Abstract:
Artificial Intelligence (AI) has appeared as a life-changing innovation in recent years transforming the conventional
problem-solving strategies adopted so far. Machine Learning (ML) and Deep Learning (DL) approaches are making a monumental
impact in the fields of life sciences and health care. The tremendous amount of biochemical data has set off leading-edge research
in health care and Drug Discovery. Molecular Machine Learning has precisely adopted ML techniques to uncover new insights from
biochemical data. Biochemical data-sets essentially hold text-based sequential information about molecules in several forms. Simplified
Molecular Input Line Entry System (SMILES) is a highly efficient format for representing biochemical data that can be suitably utilized
for countless relevant applications.

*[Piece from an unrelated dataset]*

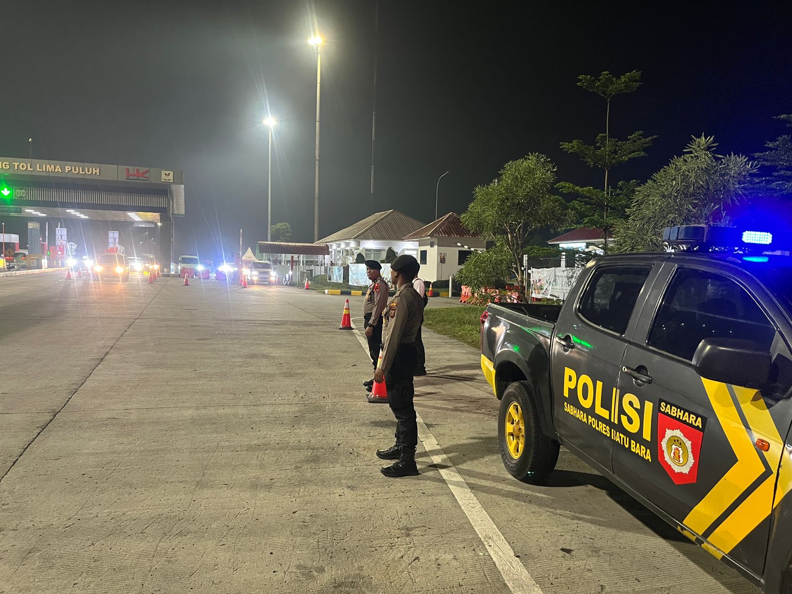 Batu Bara,Komposisinews.com – 23 Maret 2026 – Personil Pengamanan (Pam) Polres Batu Bara melaksanakan kegiatan patroli dan pengamanan guna mengantisipasi kemacetan pada masa arus balik perayaan Idul Fitri 1447 H. Kegiatan yang berdasarkan Undang-Undang Nomor 2 Tahun 2002 tentang Kepolisian Republik Indonesia serta Surat Perintah Kapolres Batu Bara Nomor Sprint / 315 / III / OPS:1.1.2026 tanggal 13 Maret 2026 ini berlangsung pada hari Minggu (22/3) pukul 21.00 WIB di Gerbang Tol Lima Puluh.

This work presents the SMILES molecular representation in a nutshell and is centered on the major
applications of ML and DL in health care especially in the drug discovery process using SMILES. This work further utilizes a Sequence
to Sequence architecture built on Recurrent Neural Networks (RNNs) for generating small drug-like molecules using the benchmark
data sets. The experimental results prove that the Long Short Term Memory (LSTM) based RNNs can be trained to encode the raw
SMILES strings with nearly perfect accuracy and to generate similar molecular structures with minimal or no feature engineering. The
gradient-based optimization strategy is applied to the network and found distinctly suited to assemble the most stable and proficient
sequence model. RNNs can thus be employed in Drug Discovery activities like similarity-based virtual screening, lead compound
finding, and hit to lead optimization.